Workshop2_DESeq.qmd

---
title: "AD Knowledge Portal Workshop: Differential Expression Analysis of 5xFAD mouse models"
date: "`r Sys.Date()`"
author: 
  - Laura Heath & Jaclyn Beck (Sage Bionetworks)
  - Adapted from code written by Ravi Pandey (Jackson Laboratories)
format: 
  html: 
    toc: true
    toc-depth: 3
    df-print: paged
knit: (function(input_file, encoding) {
   out_dir <- 'docs';
   rmarkdown::render(input_file,
     encoding=encoding,
     output_file=file.path(dirname(input_file), out_dir, 'index.html'))})
---

This notebook will take the raw counts matrix and metadata files we downloaded in the first part of the workshop (`5XFAD_data_R_tutorial.qmd`) to run a basic differential expression analysis on a single time point (12 months) in male mice.
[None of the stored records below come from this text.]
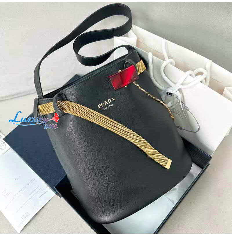 [스페셜오더]PRADA-1BE085 프라다 블랙 주얼리 벨트 버클 버킷 백
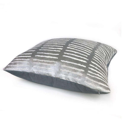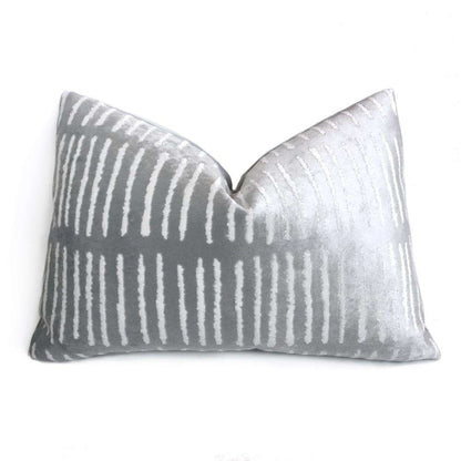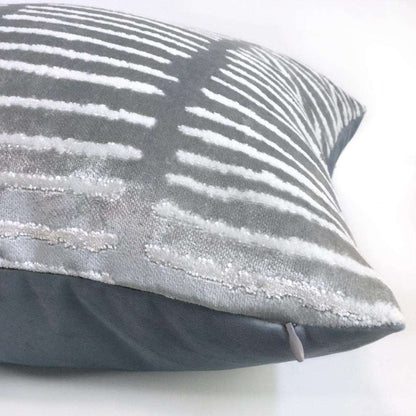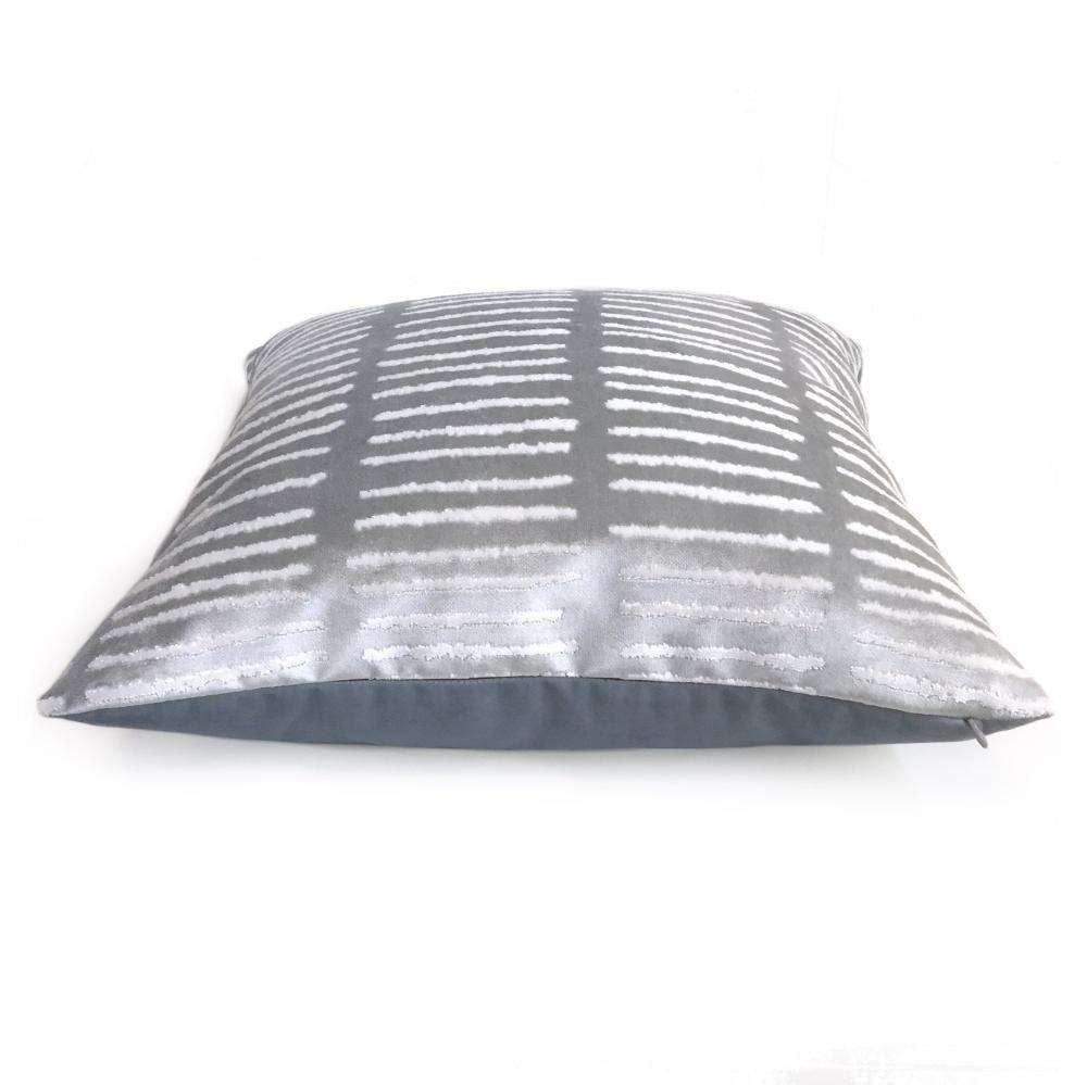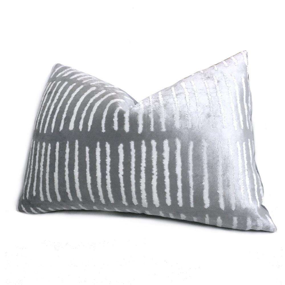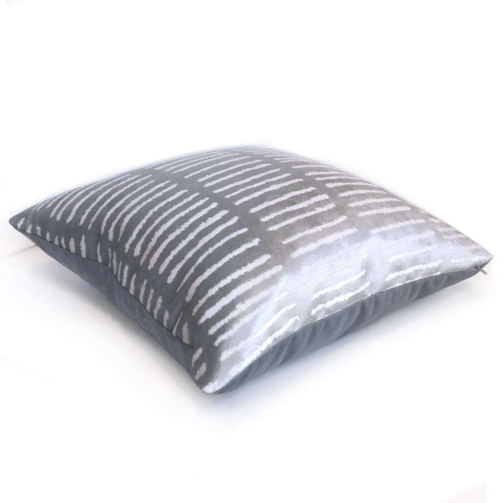 LAST ONE! This opalescent blue pillow cover features a modern linear design woven in soft, lustrous velvet. Made from a designer fabric by Robert Allen, this pillow is perfect for any contemporary decor! Choose from the pattern fabric used on the front side with a coordinating solid velvet backside, or the pattern fabric used on both sides. Photographed on 20x20 and 14x20 insert.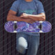 Cores e formas roxas e azuis num skate para formar um design extraordinário.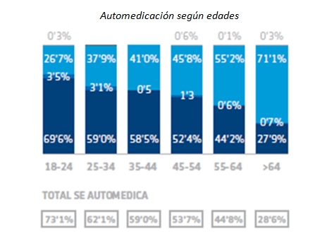 El I Estudio sobre Salud y Estilio de Vida de Aegon señala entre sus conclusiones que más de la mitad de los españoles se medica por sí mismo. Concretamente el informe muestra que lo hace el 52% en casos de enfermedades o dolencias leves, mientras que el otro 48% asegura que nunca toma medicamentos a no ser que su médico se lo aconseje.

You can amend the code to compare wild type and 5XFAD mice from either sex, at any time point. For a more in-depth tutorial on DESeq2 and how to handle more complicated experimental setups, see [this vignette](https://bioconductor.org/packages/devel/bioc/vignettes/DESeq2/inst/doc/DESeq2.html) on DESeq2. 

The data used in this notebook is obtained from The Jax.IU.Pitt_5XFAD Study (Jax.IU.Pitt_5XFAD), which can be found [here on the AD Knowledge Portal](https://adknowledgeportal.synapse.org/Explore/Studies/DetailsPage/StudyData?Study=syn21983020).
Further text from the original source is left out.